En outre, le consentement doit être recueilli préalablement à la collecte et au traitement des données personnelles. En pratique, le consentement devra donc être demandé à la première utilisation du site internet ou de l’application mobile par la personne physique concernée.

Enfin, autre point essentiel, il est nécessaire de recueillir un consentement distinct pour chacun des traitements mis en œuvre, lorsqu’ils ont des finalités différentes. En pratique,  le professionnel devra obtenir un consentement pour la prospection commerciale, un autre consentement pour la création de statistiques, et encore un autre pour la maintenance par exemple. L’identification des traitements et finalités par le professionnel est impérative.

III. Retrait du consentement

Les professionnels doivent prévoir la faculté pour une personne de retirer son consentement.

En effet, l’article 7.3 du règlement général sur la protection des données dispose que :

« La personne concernée a le droit de retirer son consentement à tout moment. Le retrait du consentement ne compromet pas la licéité du traitement fondé sur le consentement effectué avant ce retrait. La personne concernée en est informée avant de donner son consentement. Il est aussi simple de retirer que de donner son consentement. »

Les modalités de retrait du consentement doivent respecter le principe de parallélisme des formes, en vertu duquel le moyen utilisé pour que la personne puisse retirer son consentement doit être identique ou similaire à celui utilisé pour le recueillir.

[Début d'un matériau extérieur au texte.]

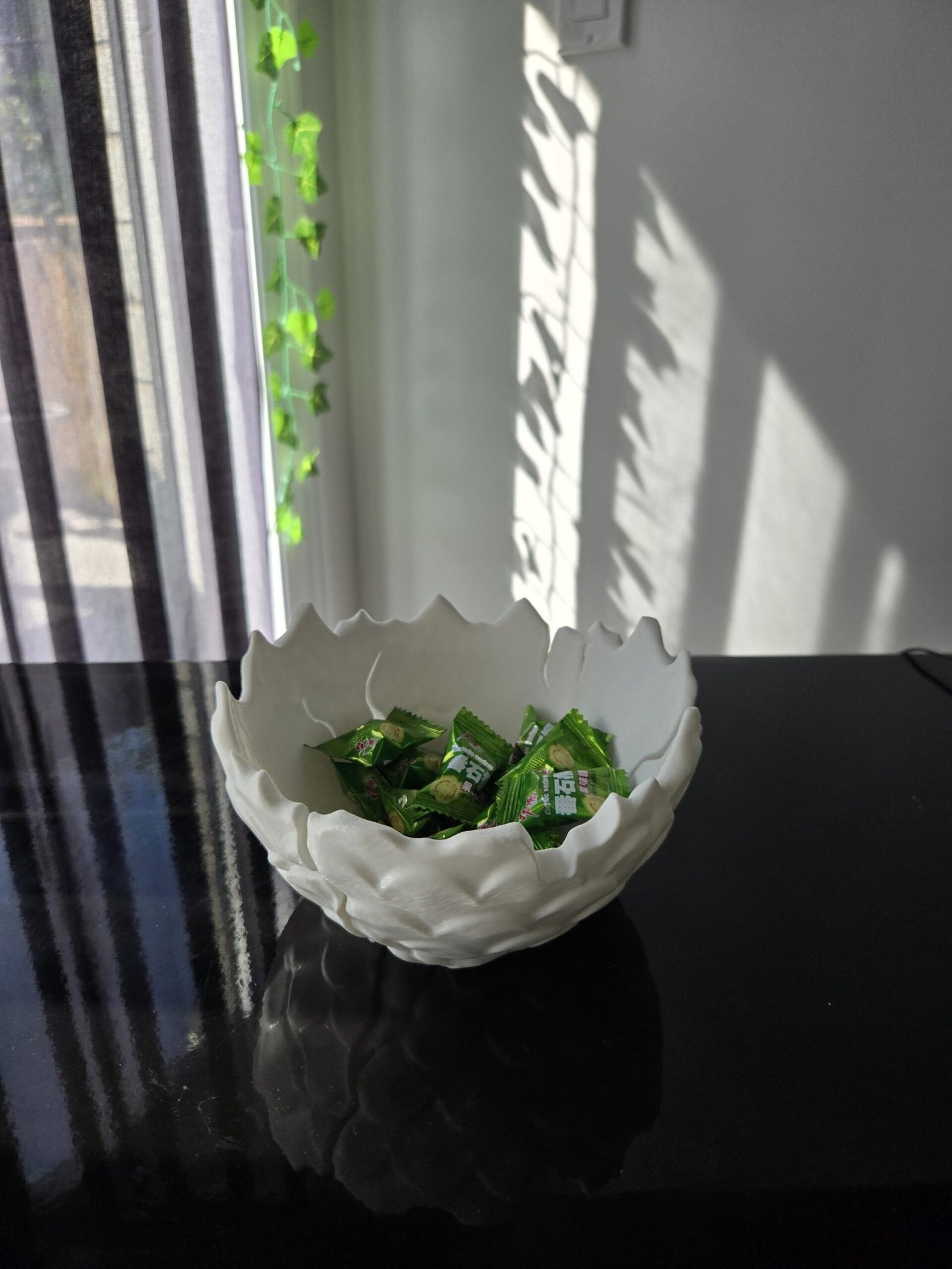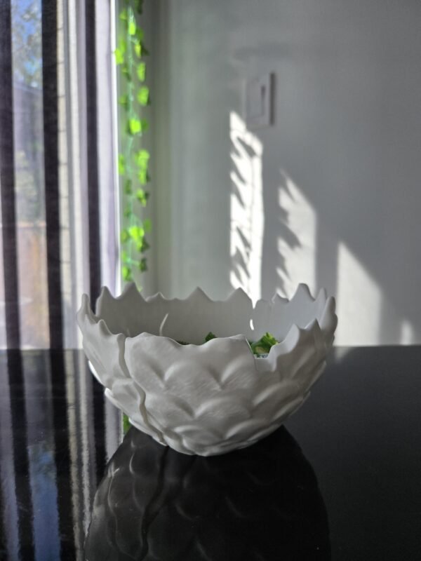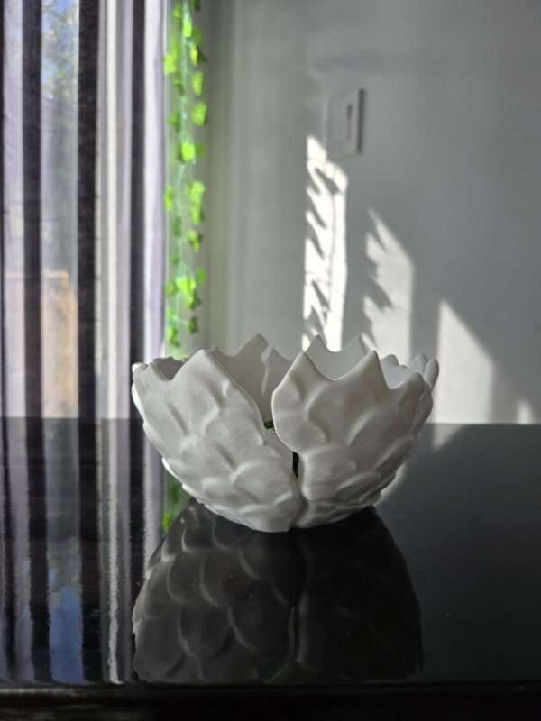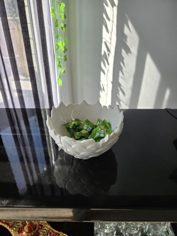 A bowl designed from a hatched egg shell! A unique way to hold your candy’s and other accessories at home or during Halloween!

Jusqu’à présent, pour exprimer le retrait du consentement, il était courant que le professionnel exige l’envoi d’un courrier ou d’un mail. Cependant, l’entrée en vigueur du règlement général sur la protection des données semble condamner une telle pratique.

En effet, faute de précision sur ce point, il est recommandé aux professionnels d’opter pour les options les plus prudentes.

Ainsi, lorsque les professionnels utiliseront une case à cocher ou un bouton à glisser pour obtenir le consentement de la personne concernée, ils devront prévoir, dans les paramètres de l’espace personnel de l’utilisateur, la possibilité de retirer le consentement via une case à cocher ou un bouton à glisser, selon la modalité choisie pour le recueil du consentement.

Ceci devra tenir compte du prochain projet de loi intégrant en droit français, peut être de manière encore plus restrictive, ledit règlement européen.